Wednesday, October 3, 2012 — Week of Proper 21
George Kennedy Allen Bell, Bishop of Chichester, and Ecumenist, 1958
John Raleigh Mott, Evangelist and Ecumenical Pioneer, 1955
[Go to http://www.missionstclare.com/english/index.html for an online version of the Daily Office including today’s scripture readings.]
Today’s Readings for the Daily Office
(Book of Common Prayer, p. 985)
Psalms 101, 109:1-2(5-19)20-30 (morning) // 119:121-144 (evening)
Hosea 4:11-19
Acts 21:15-26
Luke 5:27-37
Today’s readings are full of disquietude.

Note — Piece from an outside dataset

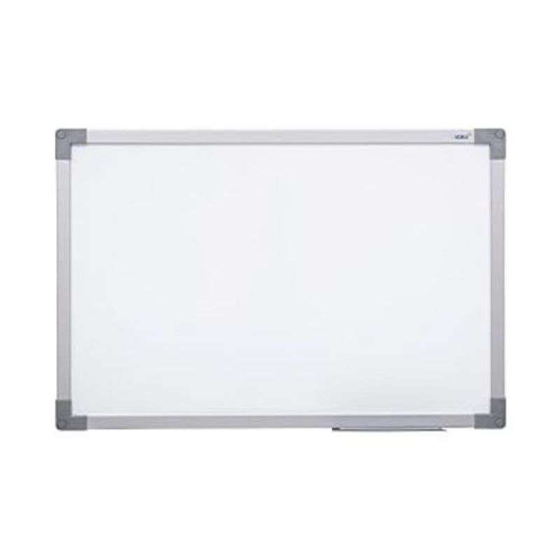 Quadro branco de alta qualidade com moldura em alumínio resistente, ideal para uso em escritórios, salas de aula, reuniões e apresentações. A superfície lisa permite escrita com canetas para quadro branco, que podem ser facilmente apagadas sem deixar marcas. Produto leve, durável e de fácil instalação, perfeito para ambientes corporativos e educacionais. Medidas de 60 cm de altura por 90 cm de largura, proporcionando espaço suficiente para anotações e desenhos.
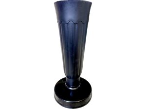 Plastová černá lesklá hřbitovní váza s kulatou těžkou základnou.

Psalm 109 has one of the longest and most complete sets of curses I’ve ever seen. The Psalmist is hurt and threatened by someone powerful. He pours out his anguish and venom to God, begging God to intercede and to annihilate his accuser. “Let his children be fatherless and his wife become a widow. Let his children be waifs and beggars; let them be driven from the ruins of their homes. …Let his descendants be destroyed.” What is the wicked man’s offense? “He did not remember to show mercy, but persecuted the poor and needy and sought to kill the brokenhearted.” The Psalmist identifies himself: “I am poor and needy, and my heart is wounded within me.” It sounds like the fury in some of the streets of America, or maybe in other parts of the world, where the poor know themselves to be abandoned or manipulated. Their anger is fierce and potentially violent.
We’re reading the prophet Hosea, who uses the metaphor of marriage to accuse Israel of unfaithfulness to God. Israel is like a whore, says Hosea. Israel is forsaking the true God and following Baal, the Canaanite god who promises rain and agricultural prosperity. Sometimes these passages about worshipping idols can sound quaint and antiquarian in our ears. We don’t believe in idols, after all. Or do we? My friend Jay McDaniel says that our false religion is consumerism, and that our idols are pictured in every commercial that promises that we will be affluent, powerful and attractive. That’s the only America that some other cultures see. We look arrogant, impious and threatening to them. It doesn’t take a far jump before they are thinking of us in the same terms the Psalmist uses.
In Acts, Paul returns to Jerusalem after his long mission to cities in Asia Minor and Europe. He has been going to Jewish synagogues throughout the diaspora teaching about Jesus. And he has been sharing his message with Gentiles as well, creating communities of Jews and Gentiles who gather together in Christ’s name. The word is out about him. People in Jerusalem have heard and are angry. “They have been told about you that you teach all the Jews living among the Gentiles to forsake Moses, and that you tell them not to circumcise their children or observe the customs.” That’s pretty accurate. The only inaccuracy is that Jewish Christians in Paul’s churches often continued their traditional Jewish practices, but they were expected to eat with their Gentile brothers and sisters in their common communion. James tries to accommodate the traditionalists. He has Paul perform a very public rite of Jewish piety, hoping to quiet the accusers. It won’t work. Paul will be smeared with the “law-breaking Gentile-lover” label.
And in today’s gospel, Jesus offers two wonderful metaphors for the strain of conflict that change brings. You can’t patch an old, faded garment with bright new cloth. And old, dry wineskins will burst if you put new wine in them. That’s his response when Jesus is criticized for going to a banquet at the tax-collector Levi’s house. It is a scandalous act. Jesus gets criticized roundly for his partying ways: Your disciples don’t fast and pray, they eat and drink. Jesus presents a different way of life. His new cloth and the new wine will have a hard time mixing with the old ways.
There are so many rips in the fabric of our contemporary life. Change and conflict are ubiquitous. The poor and marginalized are hurt, and many are angered. The rich and powerful clutch their idols possessively. There is fear and exclusion of the other. And Jesus’ message of generosity and inclusion still stretches us to the breaking point.